Segment Start: DATA

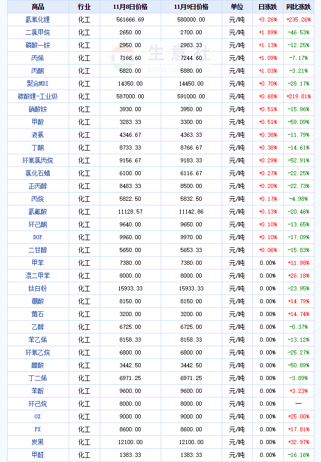 2022年11月9日,大宗商品价格涨跌榜中化工板块环比上升的商品共19种,涨幅前3的商品分别为氢氧化锂(3.26%)、二氯甲烷(1.89%)、磷酸一铵(1.13%)。环比下降的商品共有25种,跌幅在5%以上的商品共1种,占该板块被监测商品数的0.9%;跌幅前3的产品分别为三氯甲烷(-5.45%)、苯胺(-3.93%)、硝酸钾(-3.29%)。
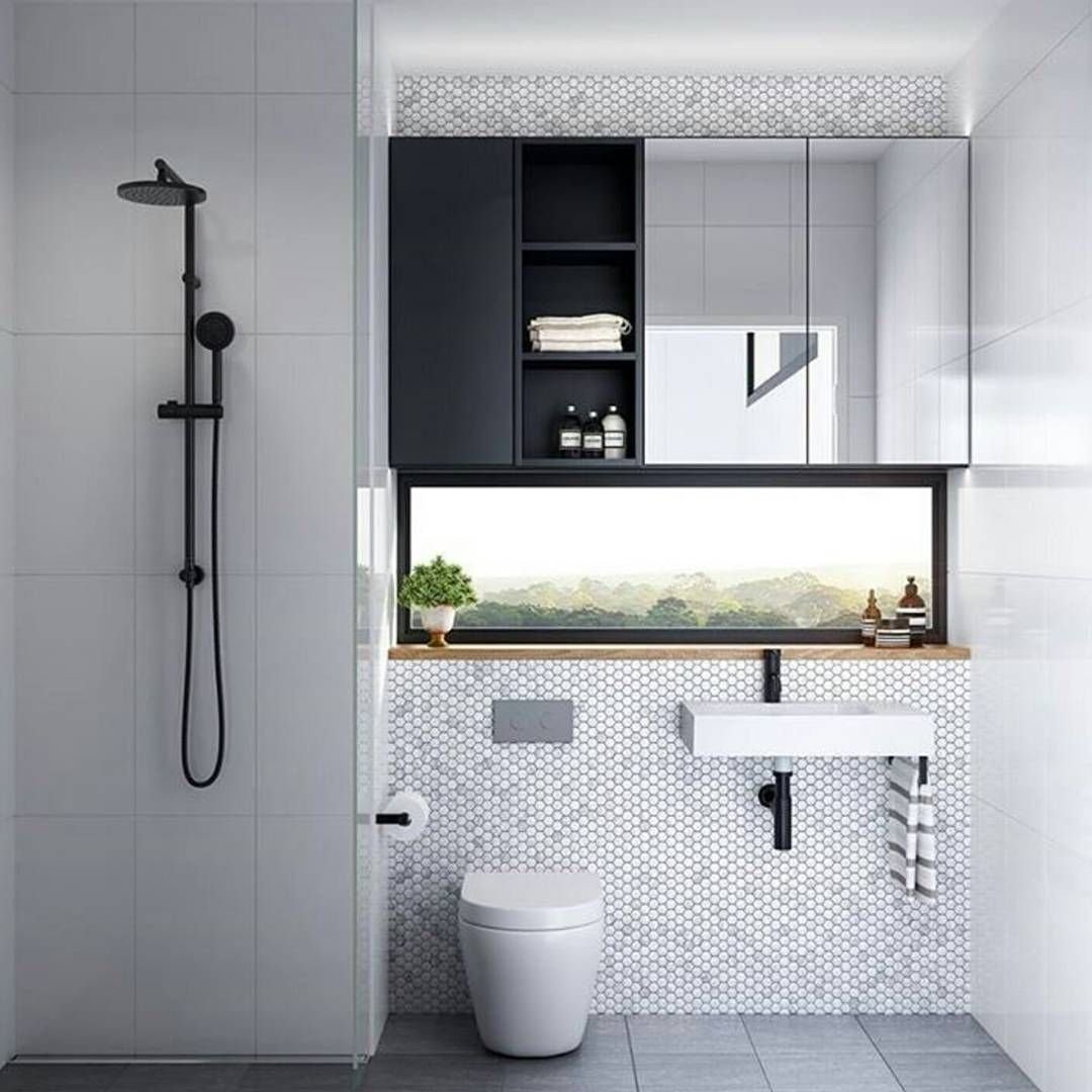 Белая ванная с черными аксессуарами
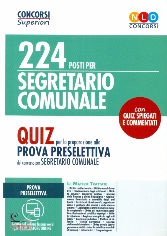 224 posti per segretario comunale. Quiz per la preparazione alla prova preselettiva del concorso per segretario comunale Pubblicato da:Neldiritto editore Collana: Concorsi superiori Il 28 dicembre 2018 il Ministero dell’Interno dipartimento per gli Affari Interni e Territoriali ha indetto un concorso pubblico, per esami, per l’ammissione di 291 borsisti al 6° corso di formazione per il conseguimento dell’abilitazione richiesta ai fini dell’iscrizione di 224 segretari comunali nella fascia iniziale dell’Albo Nazionale dei segretari comunali e provinciali. La prova preselettiva consiste nella soluzione in un tempo predeterminato di 70 quesiti a risposta multipla, da risolvere nel tempo massimo di 45 minuti, attinenti alle materie oggetto delle prove scritte ed orali del concorso, ivi compresa la conoscenza dell'uso delle apparecchiature e delle applicazioni informatiche più diffuse e della lingua inglese, nonché al ragionamento logico, deduttivo e numerico. Il volume dei quiz si pone come principale strumento da utilizzare per lo studio e la preparazione del concorso, infatti, deve essere inteso come strumento indispensabile per la preparazione alla prova preselettiva. Il testo è suddiviso in due parti: una prima parte composta dai quiz commentati ed una seconda parte composta dai quiz non commentati. Mediante i quiz commentati il candidato può, mediante la ricostruzione esplicata dello stesso, comprendere le nozioni alla base del singolo quiz. Invece, mediante i quiz non commentati, il candidato può mettersi alla prova memorizzando i singoli concetti in maniera pratica. Il volume consente di testare diffusamente le proprie conoscenze e la propria preparazione su tutte le materie oggetto del bando, consentendo la possibilità, mediante l’accesso al simulatore online, di esercitarsi su vere e proprie simulazioni a tempo, gareggiando con gli altri utenti e verificando costantemente i propri progressi nella classifica virtuale. | |

Segment End: DATA

* _TASK DETAILS_: All of the data above should be printed again exactly, though none of the pictures belong in the copy.

* _EXERCISE RESULT_:
 2022年11月9日,大宗商品价格涨跌榜中化工板块环比上升的商品共19种,涨幅前3的商品分别为氢氧化锂(3.26%)、二氯甲烷(1.89%)、磷酸一铵(1.13%)。环比下降的商品共有25种,跌幅在5%以上的商品共1种,占该板块被监测商品数的0.9%;跌幅前3的产品分别为三氯甲烷(-5.45%)、苯胺(-3.93%)、硝酸钾(-3.29%)。
 Белая ванная с черными аксессуарами
 224 posti per segretario comunale. Quiz per la preparazione alla prova preselettiva del concorso per segretario comunale Pubblicato da:Neldiritto editore Collana: Concorsi superiori Il 28 dicembre 2018 il Ministero dell’Interno dipartimento per gli Affari Interni e Territoriali ha indetto un concorso pubblico, per esami, per l’ammissione di 291 borsisti al 6° corso di formazione per il conseguimento dell’abilitazione richiesta ai fini dell’iscrizione di 224 segretari comunali nella fascia iniziale dell’Albo Nazionale dei segretari comunali e provinciali. La prova preselettiva consiste nella soluzione in un tempo predeterminato di 70 quesiti a risposta multipla, da risolvere nel tempo massimo di 45 minuti, attinenti alle materie oggetto delle prove scritte ed orali del concorso, ivi compresa la conoscenza dell'uso delle apparecchiature e delle applicazioni informatiche più diffuse e della lingua inglese, nonché al ragionamento logico, deduttivo e numerico. Il volume dei quiz si pone come principale strumento da utilizzare per lo studio e la preparazione del concorso, infatti, deve essere inteso come strumento indispensabile per la preparazione alla prova preselettiva. Il testo è suddiviso in due parti: una prima parte composta dai quiz commentati ed una seconda parte composta dai quiz non commentati. Mediante i quiz commentati il candidato può, mediante la ricostruzione esplicata dello stesso, comprendere le nozioni alla base del singolo quiz. Invece, mediante i quiz non commentati, il candidato può mettersi alla prova memorizzando i singoli concetti in maniera pratica. Il volume consente di testare diffusamente le proprie conoscenze e la propria preparazione su tutte le materie oggetto del bando, consentendo la possibilità, mediante l’accesso al simulatore online, di esercitarsi su vere e proprie simulazioni a tempo, gareggiando con gli altri utenti e verificando costantemente i propri progressi nella classifica virtuale. | |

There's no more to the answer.